PathwayCommons / classifier-pipeline

A workflow for classifying articles
MIT License
0 stars 0 forks source link

Fatal error in pipeline: Missing element #32

Closed jvwong closed 1 year ago

jvwong commented 1 year ago

Trying to process articles scripts/cron/cron.py from daily updates. Last added pubmed23n1223.xml.gz.

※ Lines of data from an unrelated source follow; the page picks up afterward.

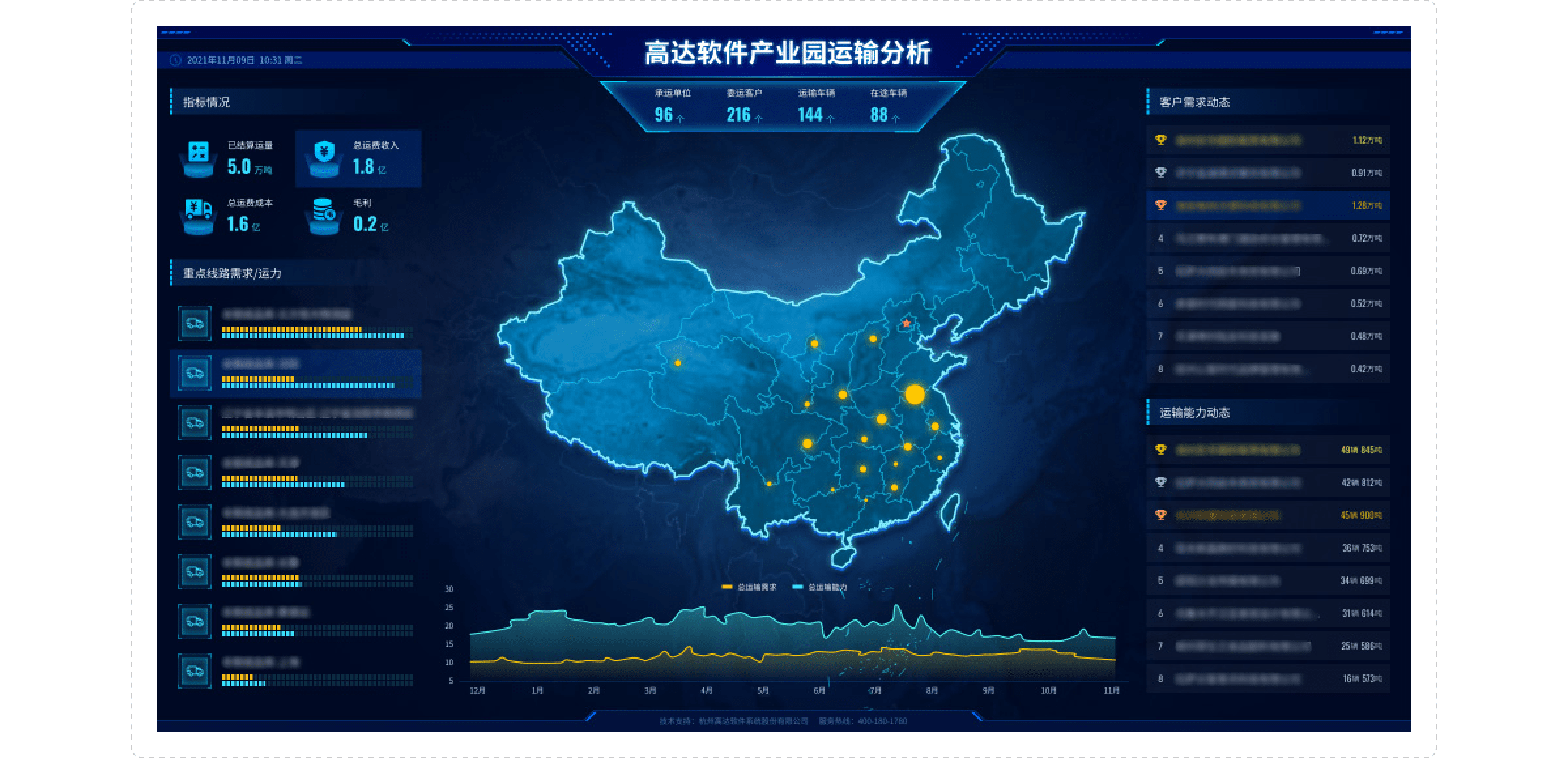 產(chǎn)業(yè)園區(qū)物流分析基于產(chǎn)業(yè)維度對園區(qū)物流運輸相關(guān)業(yè)務(wù)情況進(jìn)行統(tǒng)計分析,包括對園區(qū)內(nèi)的承運單位、委運客戶、運力資源運營數(shù)據(jù)進(jìn)行匯集,統(tǒng)計結(jié)算運量、運費收入/成本及毛利數(shù)據(jù),展示重點線路對應(yīng)需求及運力情況;為產(chǎn)業(yè)園區(qū)從運營視角提供精準(zhǔn)業(yè)務(wù)數(shù)據(jù)依據(jù),實現(xiàn)園區(qū)有針對性的優(yōu)化運營策略、提升園區(qū)在行業(yè)中的綜合競爭力。
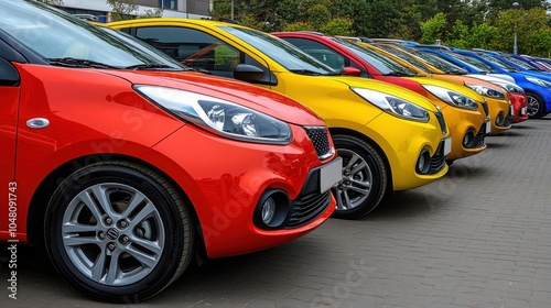 car, colourful, red, yellow, blue, green, vehicle, transportation, parked, urban, asphalt, shiny, modern, design, front, angle, auto, footed, profile, close, scene, light, nature, bright, line, pattern, arrangement, group
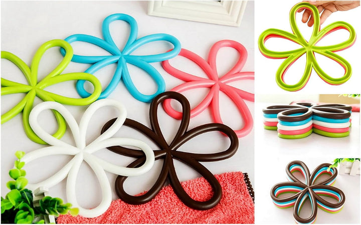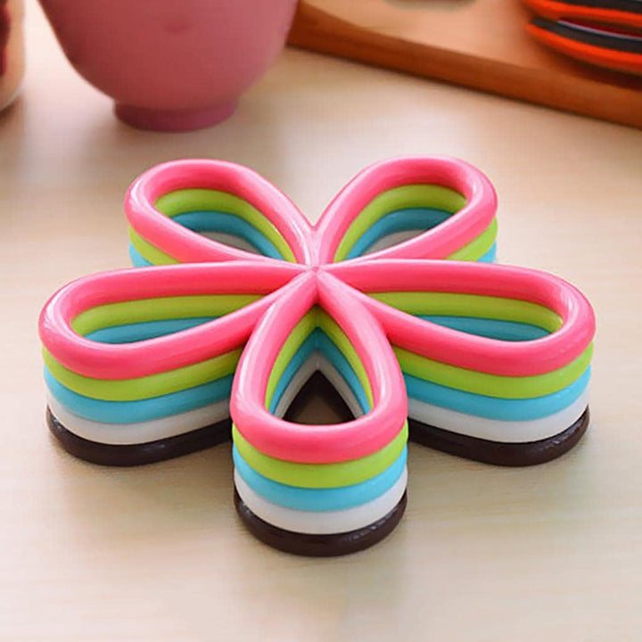 1Pc Flower Shape Anti-Slip Pot Holder, Dish Place-mat Cup Coaster Kitchen Dining Table Silicone Heat-Proof Mat

2023-02-22 13:24:39.000 | INFO     | classifier_pipeline.pubmed:prediction_print_spy:307 - Identified 99 hits from 26534 tested (0.373%);mean probability: 0.994 --- pmid: 34561789; prob=0.996
2023-02-22 13:24:39.000 | INFO     | classifier_pipeline.pubmed:prediction_print_spy:307 - Identified 100 hits from 26784 tested (0.373%);mean probability: 0.994 --- pmid: 34989308; prob=0.996
2023-02-22 13:24:39.000 | INFO     | classifier_pipeline.pubmed:_pmc_supplement_transfomer:277 - Retrieving 34 PMC IDs
Traceback (most recent call last):
  File "cron.py", line 56, in <module>
    pipeline = as_pipeline(
  File "/home/baderlab/Documents/dev/classifier-pipeline/classifier_pipeline/utils.py", line 15, in as_pipeline
    generator = step(generator)
  File "/home/baderlab/Documents/dev/classifier-pipeline/classifier_pipeline/utils.py", line 126, in exhaust
    deque(generator, maxlen=0)
  File "/home/baderlab/Documents/dev/classifier-pipeline/classifier_pipeline/utils.py", line 118, in _db_loader
    for item in items:
  File "/home/baderlab/Documents/dev/classifier-pipeline/classifier_pipeline/pubmed.py", line 279, in _pmc_supplement_transfomer
    for pubmed_chunk in pubmed_chunks:
  File "/home/baderlab/miniconda3/envs/pipeline/lib/python3.8/site-packages/ncbiutils/ncbiutils.py", line 158, in get_citations
    citations = self._parse_response(response.content)
  File "/home/baderlab/miniconda3/envs/pipeline/lib/python3.8/site-packages/ncbiutils/ncbiutils.py", line 143, in _parse_response
    return self._parse_xml(data)
  File "/home/baderlab/miniconda3/envs/pipeline/lib/python3.8/site-packages/ncbiutils/ncbiutils.py", line 138, in _parse_xml
    return list(records)
  File "/home/baderlab/miniconda3/envs/pipeline/lib/python3.8/site-packages/ncbiutils/pmcxmlparser.py", line 162, in parse
    journal = self._get_journal(pmc_article)
  File "/home/baderlab/miniconda3/envs/pipeline/lib/python3.8/site-packages/ncbiutils/pmcxmlparser.py", line 118, in _get_journal
    iso_abbreviation = self._get_iso_abbreviation(pmc_article)
  File "/home/baderlab/miniconda3/envs/pipeline/lib/python3.8/site-packages/ncbiutils/pmcxmlparser.py", line 64, in _get_iso_abbreviation
    text = _collect_element_text(isoabbrev)
  File "/home/baderlab/miniconda3/envs/pipeline/lib/python3.8/site-packages/ncbiutils/xml.py", line 50, in _collect_element_text
    return ' '.join(element.xpath('string()').split())
AttributeError: 'NoneType' object has no attribute 'xpath'
jvwong commented 1 year ago

Traced it to
https://github.com/PathwayCommons/ncbiutils/blob/556c4b14e03b42b613f65972bf6b4afe2a121408/ncbiutils/pmcxmlparser.py#L62-L66

Must be some record with a mangled iso-abbrev?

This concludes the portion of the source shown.